Operations (2) and (3) only depend on the top-\(k\) indices, however, (1) is an exhaustive search. To make this more computationally efficient, they split a given query into \(sub\)-querys, each with half the original dimension. The codebook is also initialized in 2 different sections, the sub-queries are mapped to keys in both sections, creating “candidate keys" (figure 2), before the true top-\(k\) are selected. This trick reduces the number of operations by \(\sim 10^3\) at \(\vert \mathcal{K} \vert = 1024^2\).

The memory layers are optimized via traditional gradient descent.

Figure 2

Figure 3

Uses:

The main use of this algorithm is when, by god, you want to be able to overfit. That may seem like a bad use, but for many huge datasets (mostly NLP), you actually run into problems where models are unable to overfit well due to a lack of capacity; ergo, the models most likely also are underfitting normally.

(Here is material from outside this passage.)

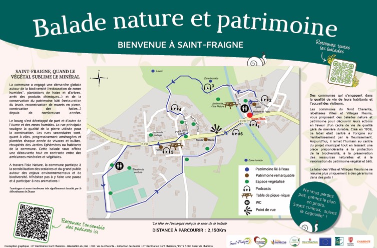 Ses jardins Éphémères ouverts de juin à octobre situés au cœur du marais de Saint-Fraigne, les jardins éphémères sont inondés chaque hiver, puis renaissent au printemps avec une nouvelle aventure végétale et culturelle. Chaque année, au printemps, artistes, paysagistes, plasticiens ou amateurs s’approprient et interprètent l’espace sur un nouveau thème, offrant aux visiteurs une balade ludique et colorée sur la période estivale.
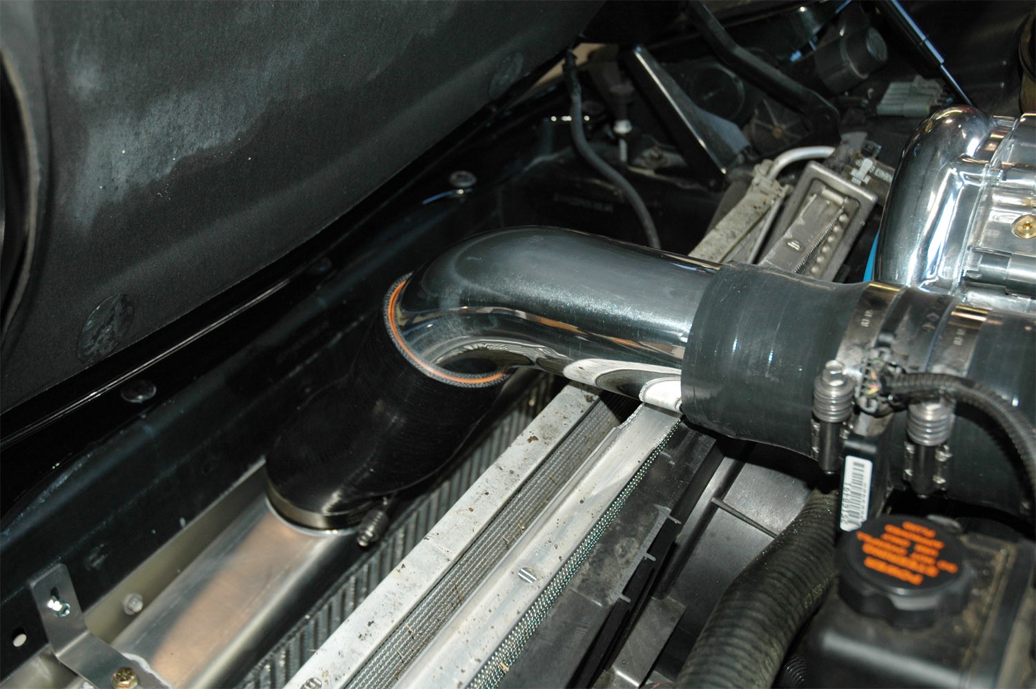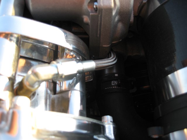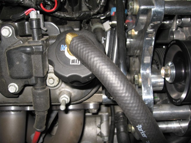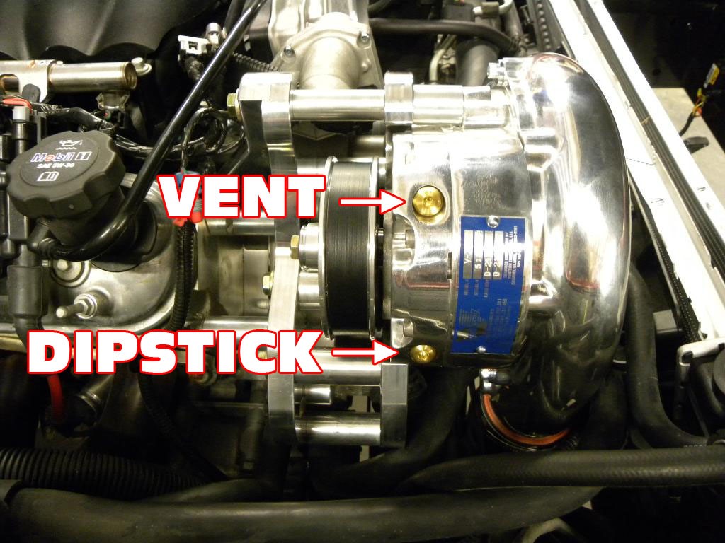 The preferred method of draining the oil from the supercharger to the sump is by cutting and tapping a 3/8” pipe fitting directly into the front of the oil pan.

These huge memory layers let the model have more capacity, yet don’t let them overfit extremely easily in normal training. Empirically, they note that even with huge memory layer sizes, on large datasets, overfitting is not noticed.

This method is sadly only usable with huge amounts of RAM available, however, in that case, it shines.

Conclusion:

If you need the ability to overfit, regardless of dataset size, look to this technique. It increases model capacity a huge amount, and assuming you have the memory available, also speeds up both inference and training, in addition to performance.